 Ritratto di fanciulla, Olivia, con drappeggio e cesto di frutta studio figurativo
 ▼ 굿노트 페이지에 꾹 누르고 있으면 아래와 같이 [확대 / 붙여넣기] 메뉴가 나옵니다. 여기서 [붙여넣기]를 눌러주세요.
_ _ _ _ _
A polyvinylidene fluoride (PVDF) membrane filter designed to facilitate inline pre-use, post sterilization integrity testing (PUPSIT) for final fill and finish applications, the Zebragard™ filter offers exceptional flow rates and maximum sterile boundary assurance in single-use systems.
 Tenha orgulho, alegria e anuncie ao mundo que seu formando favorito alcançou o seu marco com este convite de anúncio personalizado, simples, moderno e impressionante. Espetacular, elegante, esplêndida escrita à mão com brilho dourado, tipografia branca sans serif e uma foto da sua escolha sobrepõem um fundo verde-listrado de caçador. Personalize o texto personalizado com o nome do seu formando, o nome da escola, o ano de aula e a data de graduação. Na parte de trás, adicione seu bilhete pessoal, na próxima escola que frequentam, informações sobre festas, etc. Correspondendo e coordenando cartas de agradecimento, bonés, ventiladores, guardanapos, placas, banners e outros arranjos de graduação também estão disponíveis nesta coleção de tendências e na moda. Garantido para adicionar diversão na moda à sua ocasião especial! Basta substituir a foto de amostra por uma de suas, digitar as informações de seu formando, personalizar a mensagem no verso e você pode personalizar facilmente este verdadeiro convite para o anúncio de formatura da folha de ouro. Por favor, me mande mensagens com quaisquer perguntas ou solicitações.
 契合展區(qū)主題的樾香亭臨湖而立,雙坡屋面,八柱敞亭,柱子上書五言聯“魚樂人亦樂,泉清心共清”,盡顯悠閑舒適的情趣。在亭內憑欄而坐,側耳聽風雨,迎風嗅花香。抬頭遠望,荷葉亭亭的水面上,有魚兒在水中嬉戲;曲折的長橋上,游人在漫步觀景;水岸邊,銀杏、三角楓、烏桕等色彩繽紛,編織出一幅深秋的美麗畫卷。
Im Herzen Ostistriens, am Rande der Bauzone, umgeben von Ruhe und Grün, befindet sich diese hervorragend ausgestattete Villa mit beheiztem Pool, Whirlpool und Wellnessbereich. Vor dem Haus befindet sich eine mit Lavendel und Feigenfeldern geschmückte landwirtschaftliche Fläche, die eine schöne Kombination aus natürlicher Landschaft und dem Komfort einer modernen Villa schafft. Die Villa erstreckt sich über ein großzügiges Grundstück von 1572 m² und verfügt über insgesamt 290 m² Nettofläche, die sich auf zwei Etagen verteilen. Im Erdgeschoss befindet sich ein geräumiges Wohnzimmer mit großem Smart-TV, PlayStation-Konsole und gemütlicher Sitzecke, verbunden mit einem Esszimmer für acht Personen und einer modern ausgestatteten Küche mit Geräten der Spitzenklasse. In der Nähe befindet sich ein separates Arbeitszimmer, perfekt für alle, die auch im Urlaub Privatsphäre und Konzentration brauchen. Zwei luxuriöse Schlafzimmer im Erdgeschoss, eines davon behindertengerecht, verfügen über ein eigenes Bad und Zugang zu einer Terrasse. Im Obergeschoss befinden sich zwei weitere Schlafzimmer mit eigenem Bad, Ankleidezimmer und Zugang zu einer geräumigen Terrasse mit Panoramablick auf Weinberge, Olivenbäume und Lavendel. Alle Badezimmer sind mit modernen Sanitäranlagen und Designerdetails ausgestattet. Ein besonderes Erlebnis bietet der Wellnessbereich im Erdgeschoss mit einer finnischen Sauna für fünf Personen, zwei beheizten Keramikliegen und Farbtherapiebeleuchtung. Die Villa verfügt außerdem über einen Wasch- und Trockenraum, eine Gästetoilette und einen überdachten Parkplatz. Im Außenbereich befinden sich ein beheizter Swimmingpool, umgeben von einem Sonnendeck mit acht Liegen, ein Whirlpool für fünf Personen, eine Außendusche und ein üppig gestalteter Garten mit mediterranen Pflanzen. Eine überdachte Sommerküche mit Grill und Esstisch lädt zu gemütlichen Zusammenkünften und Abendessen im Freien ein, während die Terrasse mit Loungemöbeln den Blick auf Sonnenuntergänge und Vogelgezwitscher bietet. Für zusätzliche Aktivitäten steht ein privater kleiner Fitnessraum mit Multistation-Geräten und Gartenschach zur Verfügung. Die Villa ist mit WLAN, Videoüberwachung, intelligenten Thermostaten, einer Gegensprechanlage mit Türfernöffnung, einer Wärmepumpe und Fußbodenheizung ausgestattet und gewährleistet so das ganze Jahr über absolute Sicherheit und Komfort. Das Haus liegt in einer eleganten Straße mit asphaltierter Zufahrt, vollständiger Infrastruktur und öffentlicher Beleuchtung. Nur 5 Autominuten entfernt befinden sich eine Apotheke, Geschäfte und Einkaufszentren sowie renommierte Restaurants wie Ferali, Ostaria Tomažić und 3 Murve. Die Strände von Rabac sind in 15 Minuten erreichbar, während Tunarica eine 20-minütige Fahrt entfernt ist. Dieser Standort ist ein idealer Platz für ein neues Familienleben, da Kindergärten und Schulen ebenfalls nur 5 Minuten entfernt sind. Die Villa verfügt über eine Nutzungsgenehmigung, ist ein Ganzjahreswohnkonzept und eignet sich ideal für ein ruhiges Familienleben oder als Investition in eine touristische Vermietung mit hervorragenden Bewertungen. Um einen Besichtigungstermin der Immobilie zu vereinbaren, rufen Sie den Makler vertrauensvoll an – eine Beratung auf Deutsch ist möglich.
_ _ _ _ _
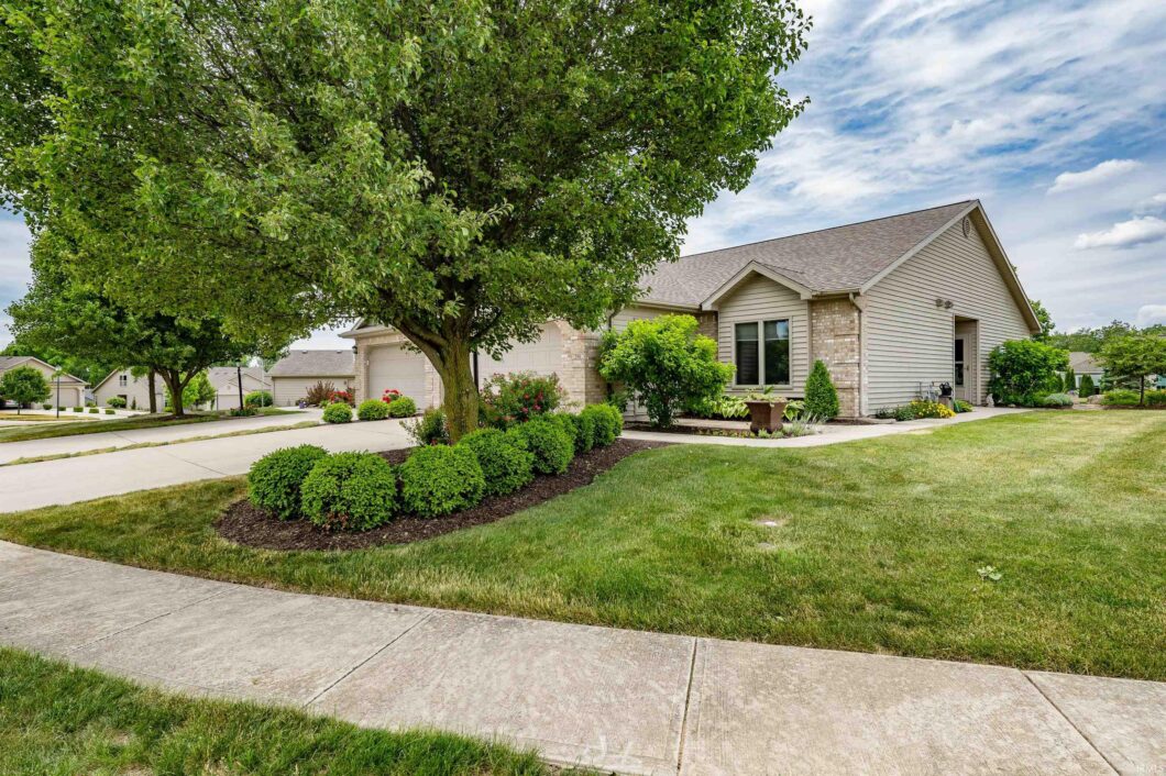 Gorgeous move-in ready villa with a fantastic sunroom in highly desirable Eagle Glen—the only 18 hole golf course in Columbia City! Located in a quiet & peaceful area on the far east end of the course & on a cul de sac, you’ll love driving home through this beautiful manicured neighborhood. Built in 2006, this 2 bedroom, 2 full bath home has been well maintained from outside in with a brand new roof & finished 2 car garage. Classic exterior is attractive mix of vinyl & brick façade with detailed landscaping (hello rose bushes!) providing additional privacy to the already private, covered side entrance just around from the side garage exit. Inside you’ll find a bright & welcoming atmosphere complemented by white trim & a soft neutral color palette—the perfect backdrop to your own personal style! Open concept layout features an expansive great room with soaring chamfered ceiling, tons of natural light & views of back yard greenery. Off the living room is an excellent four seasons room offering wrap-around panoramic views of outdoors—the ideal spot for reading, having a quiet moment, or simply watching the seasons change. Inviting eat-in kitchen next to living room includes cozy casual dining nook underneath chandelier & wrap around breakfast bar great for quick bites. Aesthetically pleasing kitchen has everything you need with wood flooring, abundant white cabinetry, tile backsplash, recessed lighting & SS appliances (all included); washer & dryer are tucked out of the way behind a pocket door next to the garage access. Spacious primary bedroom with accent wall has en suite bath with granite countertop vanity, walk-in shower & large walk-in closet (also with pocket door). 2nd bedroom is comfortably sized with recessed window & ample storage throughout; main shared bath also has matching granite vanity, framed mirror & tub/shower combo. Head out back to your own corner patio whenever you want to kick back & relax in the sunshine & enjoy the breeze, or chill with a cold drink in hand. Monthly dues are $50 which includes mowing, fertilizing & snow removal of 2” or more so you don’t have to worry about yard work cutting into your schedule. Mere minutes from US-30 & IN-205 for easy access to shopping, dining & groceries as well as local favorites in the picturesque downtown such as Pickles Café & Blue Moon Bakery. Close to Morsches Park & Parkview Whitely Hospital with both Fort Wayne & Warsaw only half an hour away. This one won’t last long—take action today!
_ _ _ _ _
» ABOUT THIS TASK
Reproduce word for word the material above, beginning with the line that contains "Ritratto di fanciulla, Olivia, con" and ending with the line that contains "여기서 [붙여넣기]를 눌러주세요.".

» RESULT OF THE EXERCISE
 Ritratto di fanciulla, Olivia, con drappeggio e cesto di frutta studio figurativo
 ▼ 굿노트 페이지에 꾹 누르고 있으면 아래와 같이 [확대 / 붙여넣기] 메뉴가 나옵니다. 여기서 [붙여넣기]를 눌러주세요.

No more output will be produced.